White morning lay about the grey stony streets like spilt milk. A few proletarian early risers, wearier at morning than most men at night, seemed merely of opinion that it was no use crying over it. The two or three last houses, which looked almost too tired to stand upright, seemed to have moved the Captain into another sleepy explosion.

“There are two kinds of idealists, as everybody knows–or must have thought of. There are those who idealize the real and those who (precious seldom) realise the ideal. Artistic and poetical people like the English generally idealize the real. This I have expressed in a song, which–”

“No, really,” protested the innkeeper, “really now, Captain–”

“This I have expressed in a song,” repeated Dalroy, in an adamantine manner, “which I will now sing with every circumstance of leisure, loudness, or any other–”

He stopped because the flying universe seemed to stop. Charging hedgerows came to a halt, as if challenged by the bugle. The racing forests stood rigid. The last few tottering houses stood suddenly at attention. For a noise like a pistol-shot from the car itself had stopped all that race, as a pistol-shot might start any other.

The driver clambered out very slowly, and stood about in various tragic attitudes round the car. He opened an unsuspected number of doors and windows in the car, and touched things and twisted things and felt things.

“I must back as best I can to that there garrige, sir,” he said, in a heavy and husky tone they had not heard from him before.

Then he looked round on the long woods and the last houses, and seemed to gnaw his lip, like a great general who has made a great mistake. His brow seemed as black as ever, yet his voice, when he spoke again, had fallen many further degrees toward its dull and daily tone.

“Yer see, this is a bit bad,” he said. “It’ll be a beastly job even at the best plices, if I’m gettin’ back at all.”

“Getting back,” repeated Dalroy, opening the blue eyes of a bull. “Back where?”

“Well, yer see,” said the chauffeur, reasonably, “I was bloody keen to show ’im it was me drove the car and not ’im. By a bit o’ bad luck, I done damage to ’is car. Well–if you can stick in ’is car–”
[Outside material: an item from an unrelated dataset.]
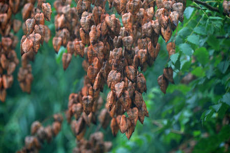Beige covered seads of ash tree hang on the twig.

Captain Patrick Dalroy sprang out of the car so rapidly that he almost reeled and slipped upon the road. The dog sprang after him, barking furiously.

“Hump,” said Patrick, quietly. “I’ve found out everything about you. I know what always bothered me about the Englishman.”

Then, after an instant’s silence, he said, “That Frenchman was right who said (I forget how he put it) that you march to Trafalgar Square to rid yourself of your temper; not to rid yourself of your tyrant. Our friend was quite ready to rebel, rushing away. To rebel sitting still was too much for him. Do you read Punch? I am sure you do. Pump and Punch must be almost the only survivors of the Victorian Age. Do you remember an old joke in an excellent picture, representing two ragged Irishmen with guns, waiting behind a stone wall to shoot a landlord? One of the Irishmen says the landlord is late, and adds, ‘I hope no accident’s happened to the poor gentleman.’ Well, it’s all perfectly true; I knew that Irishman intimately, but I want to tell you a secret about him. He was an Englishman.”